Sommers v. City of Marshfield

62 N.W. 937, 90 Wis. 59, 1895 Wisc. LEXIS 237
CourtWisconsin Supreme Court
DecidedApril 3, 1895
StatusPublished
Cited by8 cases

This text of 62 N.W. 937 (Sommers v. City of Marshfield) is published on Counsel Stack Legal Research, covering Wisconsin Supreme Court primary law. Counsel Stack provides free access to over 12 million legal documents including statutes, case law, regulations, and constitutions.

Bluebook
Sommers v. City of Marshfield, 62 N.W. 937, 90 Wis. 59, 1895 Wisc. LEXIS 237 (Wis. 1895).

Opinion

Cassoday, J.

The complaint alleges, in effect, the notice required by sec. 1339, R. S., and no question is made as to that notice. The charter provides, in effect, that no action [61]*61shall be maintained by any person against the defendant city upon any claim or demand until such person first shall have presented his claim or demand to the common council for allowance, and the same shall have been disallowed in whole or in part,” and provides that a failure to act upon such claim or demand shall be deemed a disallowance.

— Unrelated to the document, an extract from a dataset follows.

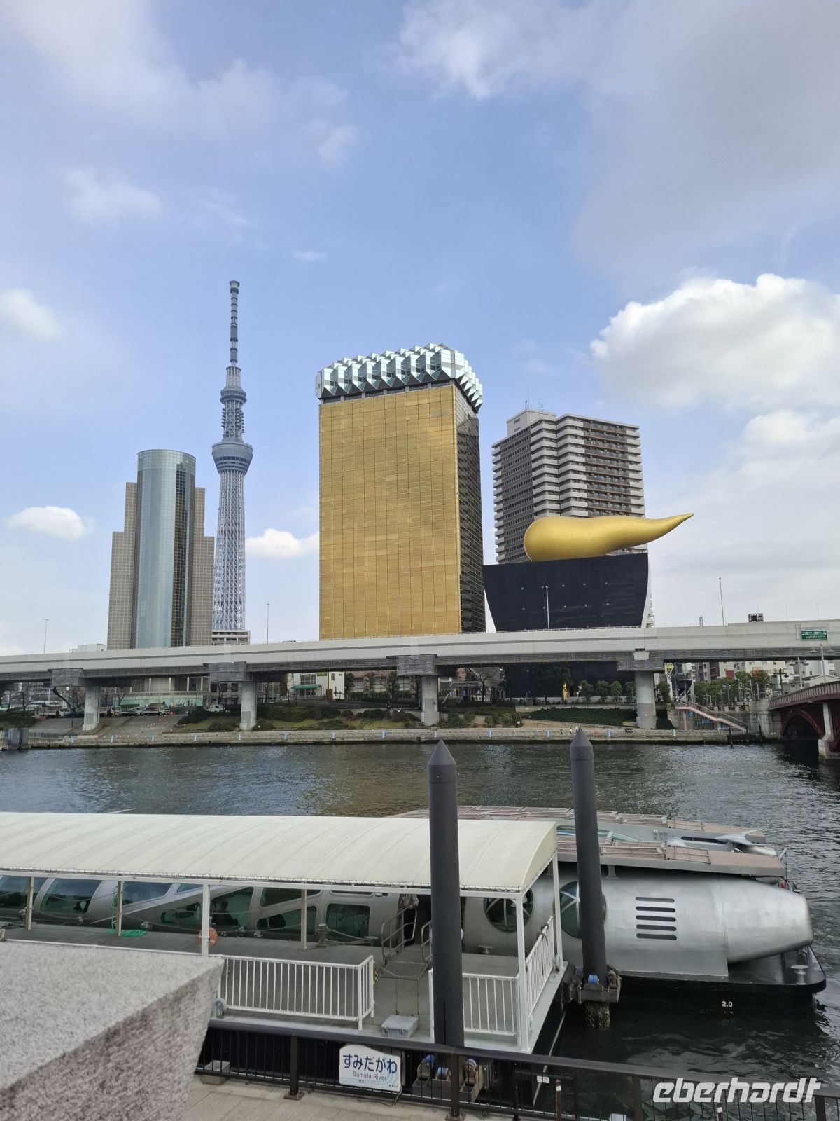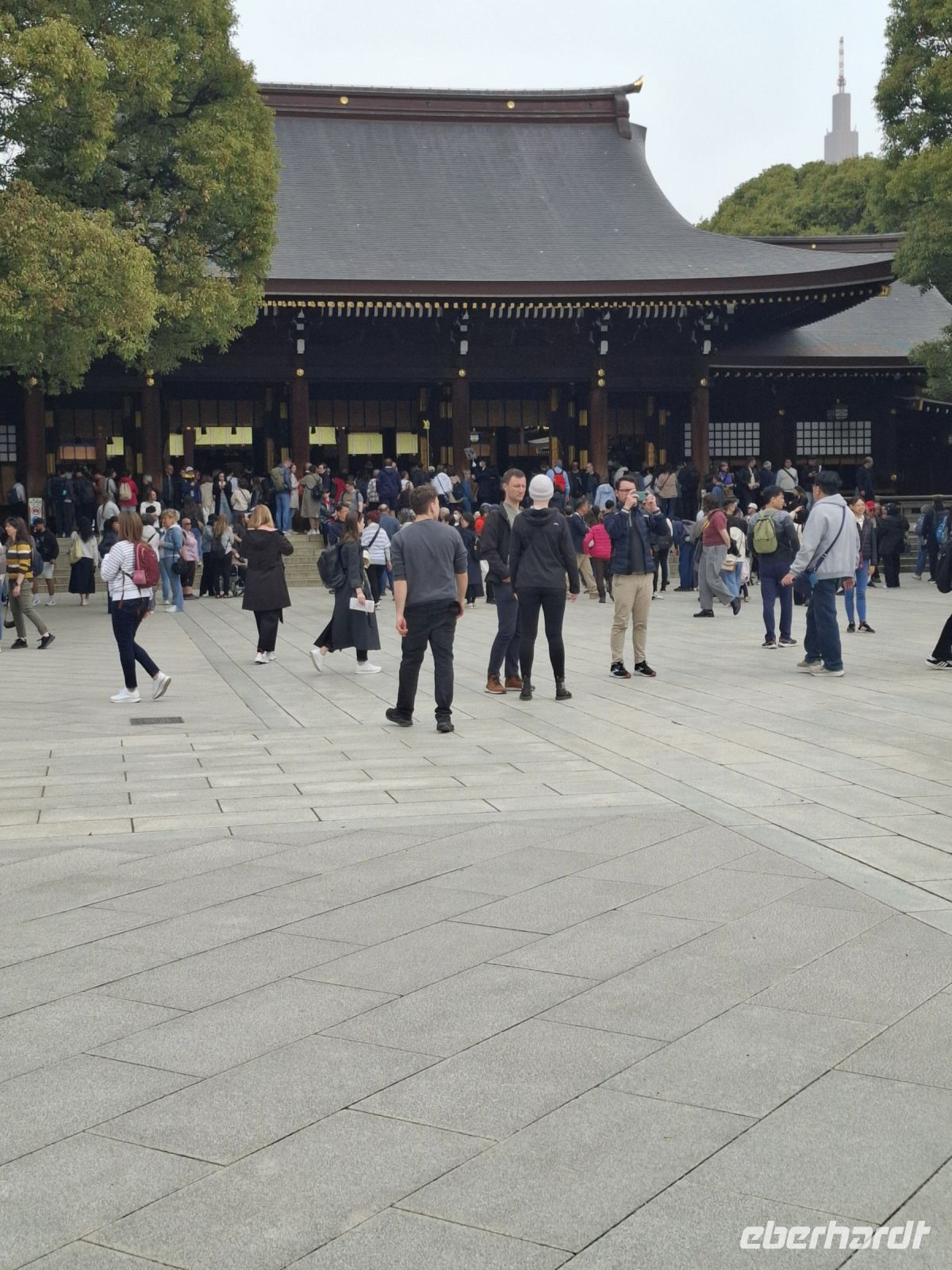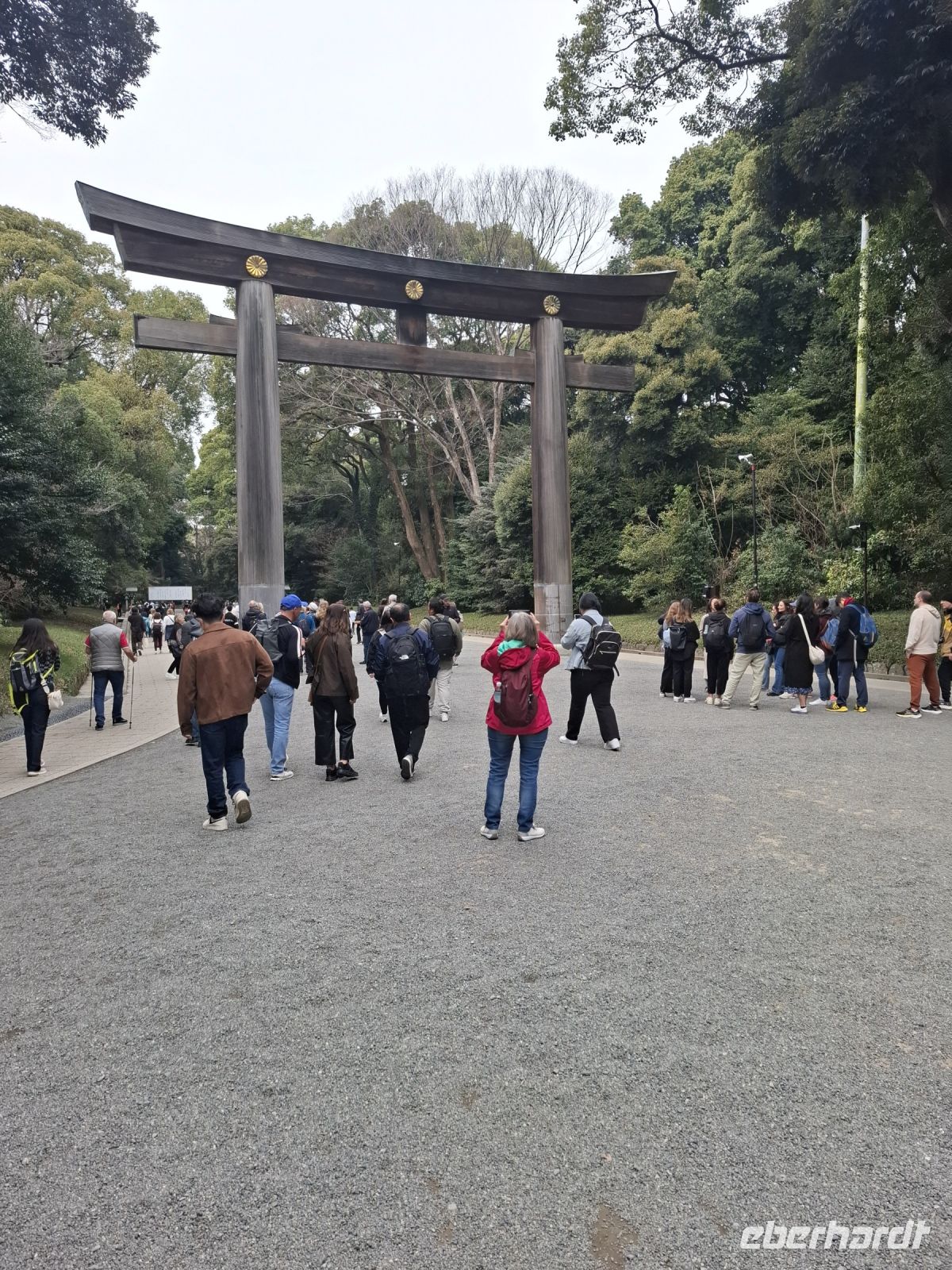 Am Morgen erwartet uns das erste japanische Frühstück auf dieser Reise. Es gibt eine vielfältige Auswahl an Salaten, Sushi, Thunfisch, anderen (rohen) Lachsarten, Meeresfrüchte, Reis aber auch Suppen. Es gibt auch eine kleine internationale Frühstücksecke aber wir probieren uns durch die Köstlichkeiten unseres Gastgeberlandes. Danach beginnen wir unseren Tag und möchten heute gemeinsam mit Gudrun Tokyo entdecken. Unser Chauffeur lenkt seinen Bus geschickt durch die Straßen der Hauptstadt. Dabei passieren wir den alten Fischmarkt und fahren schon einmal durch den Stadtteil Ginza, dem wir später noch einen Besuch abstatten. Wir kommen ebenfalls am Kaiserpalast als auch am Parlamentsgebäude vorbei. Nebenbei erklärt uns Gudrun auch die Systeme des japanischen Alphabets. Weiter auf unserem Weg passieren wir den obersten Gerichtshof und erblicken in der Ferne das Rathaus. Kurz vor der Ankunft am Meiji-Schrein stoppt uns noch der Zugverkehr des größten Bahnhofs der Welt, Shinjuku, der über 100 Ausgänge besitzt und tagtäglich über 3 Millionen Menschen abfertigt. Am Meiji-Schrein nimmt uns Gudrun mit auf eine Führung durch die Anlage, die seit 1920 existiert. Sie zeigt uns die Sake-Fässer sowie die gegenüber befindlichen Weinfässer und führt uns durch das Tor zum Hauptgebäude des Shinto-Schreins. Bei ein wenig freier Zeit können wir unsere Fotos anfertigen währenddessen Gudrun ein Ema für uns kauft. Auf einem Ema schreibt man seine Wünsche für die Gottheit auf und wir lassen Gudrun unsere Wünsche für diese Reise wissen. Nachdem der Ema beschriftet ist, hängt Gudrun es auf und wir hoffen nun auf die Erfüllung unserer Wunschliste. Nach einer kurzen Vorstellungsrunde und unserem "Buddy-Check" kehren wir mit dem Bus nach Ginza zurück, wo wir Zeit für die Mittagspause haben. Diese kann entweder zur Stärkung genutzt werden oder zum Bummeln entlang der teuersten Einkaufsstraße Tokyos sowie zum Bestaunen der Fensterauslagen. Unser nächstes Ziel ist Asukasa, wo wir in der Nähe des Donnertors aussteigen. Wir bummeln entlang der Straße bis zum Fluss Sumida, wo uns Gudrun das architektonisch besonders hervorgehobene Gebäude einer Bierbrauerei zeigt. Im Hintergrund ragt der Skytree auf. Durch einen kleinen unterirdischen Gang spazieren wir zum Areal des Sensoji-Tempels. Auch hier erklärt uns Gudrun alles Wissenswerte rum um die Gebräuche und Traditionen sowie zur Geschichte des Tempels. Danach haben wir nochmals freie Zeit, die wir auf der Ladenstraße Nakamise-dori verbringen. Zahlreiche Souvenirläden und Imbisse sind hier vorhanden und warten darauf, von uns begutachtet zu werden. Mit einem guten Einblick in die Stadt Tokyo kehren wir am späteren Nachmittag zurück zu unserem Hotel.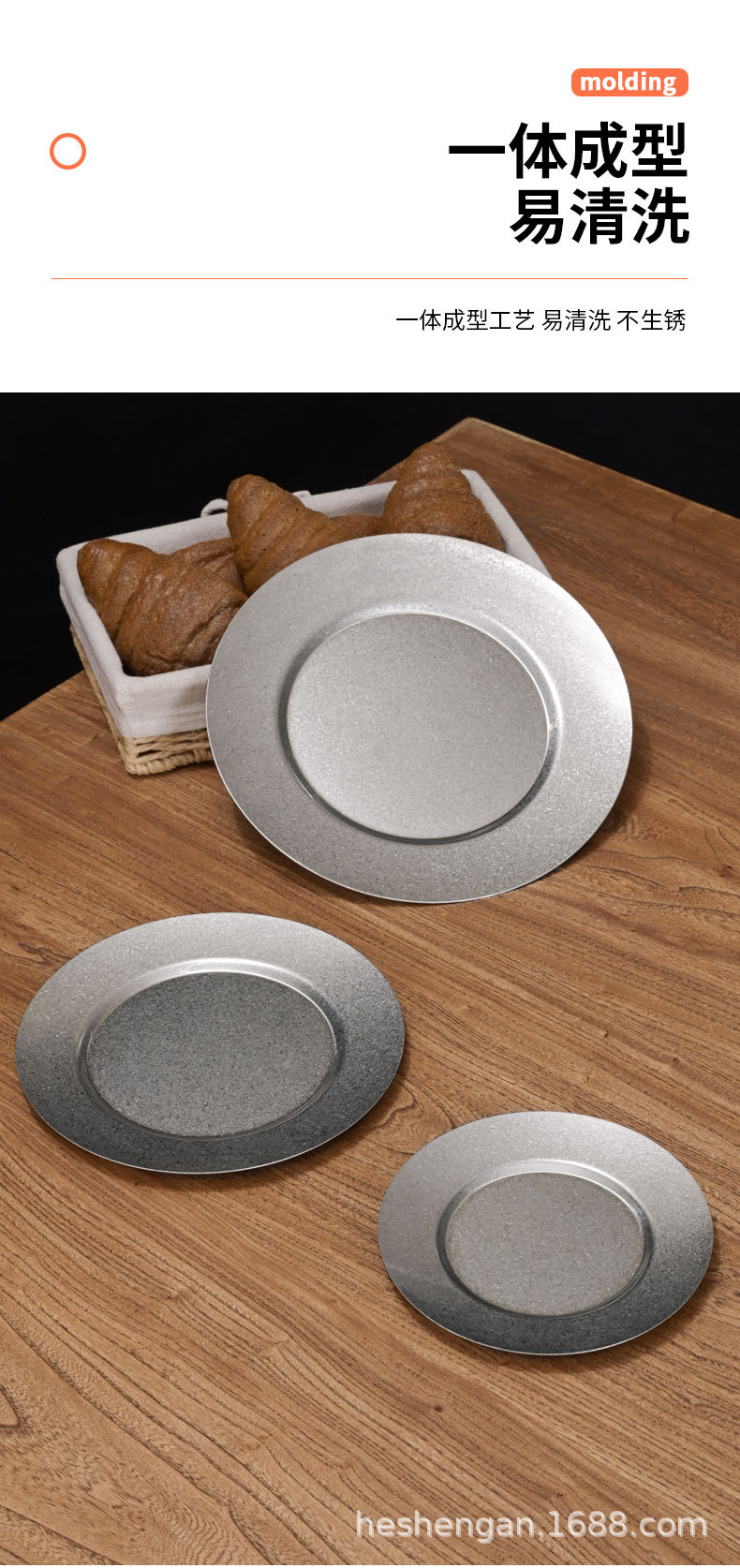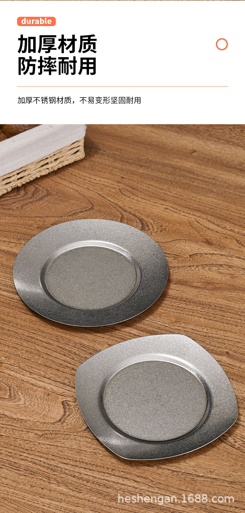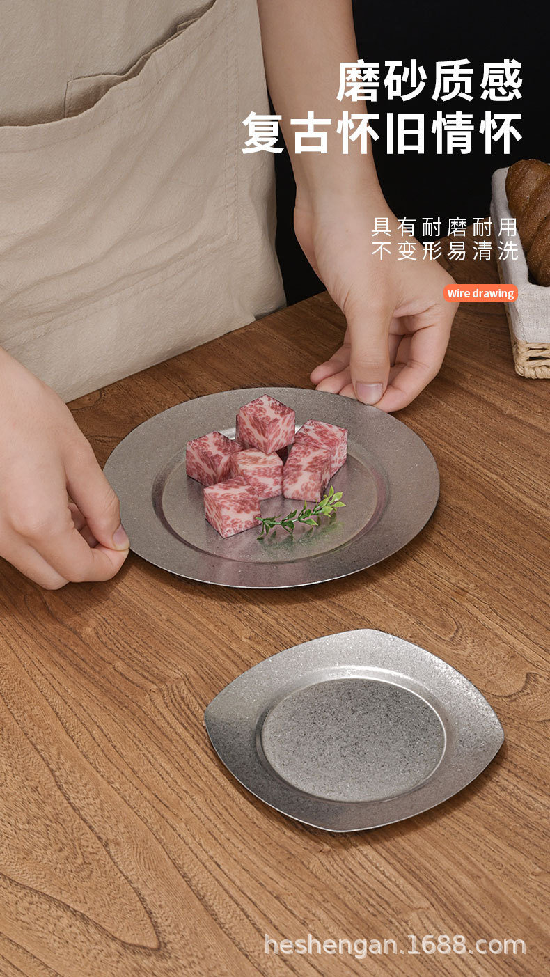 レトロ日本式ステンレスバーベキュー皿工業風平底トレー浅皿ケーキデザート皿吐骨皿

Laws of 1891, ch. 160, subch. 5, sec. 4. It is contended that the complaint is fatally defective because of its failure to allege such presentation and disallowance. But this court has repeatedly held that the words claim or demand,” as used in the charter, do not include a cause of action for personal injury by reason of a defective street or sidewalk. Kelley v. Madison, 43 Wis. 638; Bradley v. Eau Claire, 56 Wis. 168; Hill v. Fond du Lac, 56 Wis. 242; Jung v. Stevens Point, 74 Wis. 547; Vogel v. Antigo, 81 Wis. 642. “ Claim or demand,” as thus used, include only such as arise upon contract. Ibid.

The charter further provides that the common council of the city may prescribe the material, the manner, and the time for the construction of sidewalks by the owner or occupant of the adjoining lot or land; and that if such owner or occupant neglects or refuses to so construct the same then the city may do so at the expense of such lot or land. Laws of 1891, ch. 160, subch. 12, sec. 1. But these provisions of the charter do not make such owner or occupant primarily liable for injury happening by reason of a defect of such sidewalk. Cooper v. Waterloo, 88 Wis. 433. Nor does ch. 471, Laws of 1889 (sec. 1339b, S. & B. Ann. Stats.), make such owner or occupant primarily liable. Ibid. It is still more obvious that the provisions of the charter (sec. 2, subch. 12, ch. 160, Laws of 1891) making it the duty of such owner or occupant to keep all sidewalks around the same free from snow, ice, rubbish, boxes, barrels, or other obstructions interfering with persons traveling thereon, and imposing a penalty for failure to perform such duty, do not make such lot owner or occupant primarily liable for injury happening [62]*62by reason of sucb defects. It follows that neither the owner nor occupant of the adjoining lot was a necessary or even a-proper party.

By the Court.— The order of the circuit court is affirmed.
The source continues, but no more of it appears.